Das funktioniert für europäische Reisende so nicht – Sie haben diese Mitgliedschaft nicht, und für zwei Wochen lohnt sie sich selten. Genau deshalb steht diese Standardantwort in keinem Reiseführer für deutsche Gäste, und genau deshalb schreibe ich diesen Artikel.

Es gibt aber einen Zwischenweg: Tagespässe. Viele Studios verkaufen sie günstig, manche geben kostenlose Probetage aus. Für eine einzelne Dusche unterwegs ist das eine völlig normale Nutzung, kein Trick.

Die Orte, die tatsächlich funktionieren

State Campgrounds. Der zuverlässigste Weg. Sie müssen dort nicht übernachten – ein Day-Use-Pass kostet oft nur ein paar Dollar, und die Duschen laufen meist münzbetrieben, in der Größenordnung von etwa 30 Minuten für ein paar Dollar. Preise variieren je nach Bundesstaat und Saison; rechnen Sie mit Kleingeld in der Tasche, nicht mit Kartenzahlung.

Truck Stops. Große Ketten entlang der Interstates – Pilot und Flying J sind die bekanntesten – haben Duschen für Fernfahrer, die auch Reisende nutzen können. Sauber, handtuchversorgt, gegen Gebühr. Für viele Deutsche ist das der ungewohnteste Tipp auf dieser Liste und gleichzeitig der praktischste.

Bootshäfen und Marinas. Wenig bekannt, oft ausgezeichnet ausgestattet, weil Bootsbesitzer dieselben Bedürfnisse haben.

Öffentliche Schwimmbäder. Eintritt zahlen, schwimmen, duschen. Vor allem in kleineren Städten eine einfache Lösung.

Strände und Seen. Viele haben Außenduschen. Kaltes Wasser, aber nach einem heißen Wüstentag ist das selten ein Nachteil.

Und als letzte Option: ein Motel. Ein oder zwei Nächte im Motel mitten in einer längeren Tour sind keine Niederlage, sondern Reiseplanung. Wäsche waschen, richtig duschen, im Bett schlafen, weiterfahren.

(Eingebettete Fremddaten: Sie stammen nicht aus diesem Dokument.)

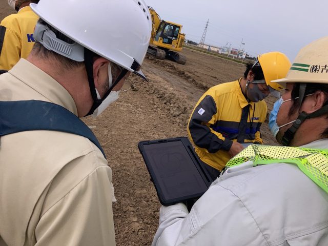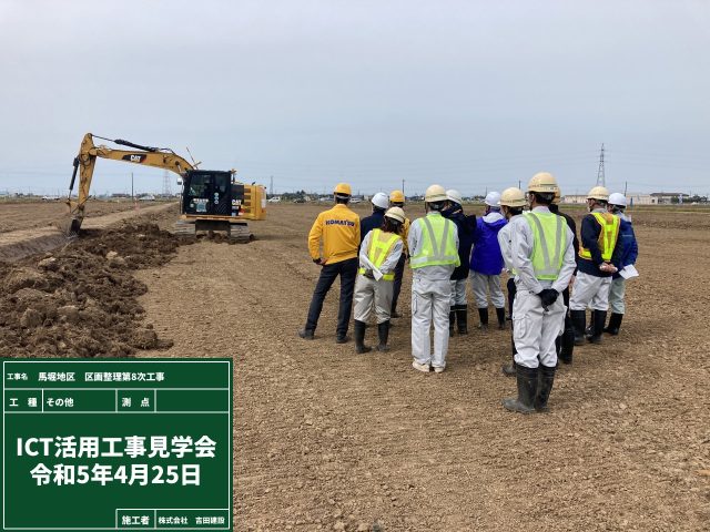 4月25日(火)14:00~16:00の日程で馬堀地区 区画整理第8次工事の現場内にてICT活用の見学会を開催いたしました。

Wie Sie solche Orte selbst finden

Die Liste oben deckt die Orte ab, die wir kennen. Die Methode dahinter funktioniert überall:

iOverlander ist die App dafür. Sie können gezielt nach Duschen filtern, inklusive münzbetriebener. Die Einträge stammen von Reisenden, sind mit Datum versehen und werden kommentiert – Sie sehen also, ob ein Ort zuletzt noch funktioniert hat.

Das ist derselbe Ansatz wie bei unserem Boondocking-Artikel: Ich veröffentliche bewusst keine Liste von „Geheimtipps", sondern das Werkzeug. Veröffentlichte Geheimplätze sind nach einer Saison keine mehr.

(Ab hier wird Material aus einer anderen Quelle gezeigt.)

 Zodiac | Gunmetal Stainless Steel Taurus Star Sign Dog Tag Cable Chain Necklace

Das Tempo ist der eigentliche Trick

Der Punkt, an dem Hygiene unterwegs wirklich kippt, ist nicht die fehlende Dusche – es ist die Hektik.

Beim Camping und bei Wohnmobilreisen gilt die 3-3-3-Regel als bewährte Faustregel: höchstens rund 300 Meilen am Tag fahren, bis etwa 15 Uhr am Platz sein, mindestens drei Nächte am selben Ort bleiben.

Wer um 15 Uhr ankommt, hat Zeit für Dusche, Wäsche und Abendessen, bevor es dunkel wird. Wer bis 21 Uhr fährt, hat keine dieser Möglichkeiten – und plötzlich ist die fehlende Bordtoilette ein Problem, das vorher keines war.

Es ist übrigens dieselbe Regel, die auch die Ladefrage entschärft. Wer entspannt fährt, lädt nebenbei. Wer hetzt, wartet.

Toilette: die kurze, unromantische Antwort

Tagsüber: Nationalparks, Besucherzentren, Tankstellen, Restaurants und Rastplätze sind dicht genug gestreut, dass das im Alltag keine Frage ist.

Nachts beim Freistehen ist Planung gefragt – und hier gilt ohne Ausnahme der Camper's Code of Ethics: Sie hinterlassen einen Platz so, wie Sie ihn vorgefunden haben, oder besser. Das ist nicht nur Anstand, sondern der Grund, warum diese Plätze überhaupt noch offen sind. Gesperrt werden sie fast immer wegen der Leute, die sich nicht daran halten.

Wer nachts nicht gern das Zelt verlässt, plant den letzten Toilettengang bewusst vor dem Schlafengehen ein. Das klingt banal, ist aber der Unterschied zwischen einer guten und einer unruhigen Nacht.

Was das ehrlich bedeutet

Diese Reiseform ist nichts für jeden. Wer Zimmerservice möchte oder mit Insekten und Tieren fremdelt, wird mit einem Dachzelt nicht glücklich – Natur kommt hier mit dazu, das ist kein Nebeneffekt, sondern der Punkt.

Wer damit umgehen kann, bekommt dafür etwas, das ein Wohnmobil nicht bieten kann: kein Abwassertank, kein Entsorgen, kein Rangieren eines Zwölf-Meter-Fahrzeugs auf einen Stellplatz. Und die Gewissheit, dass sich das Hygienethema mit ein paar Dollar Kleingeld und einer App lösen lässt.

Weniger ist beim Camping tatsächlich mehr. Mehr Zeit für die Natur, weniger Zeit für die Ausrüstung.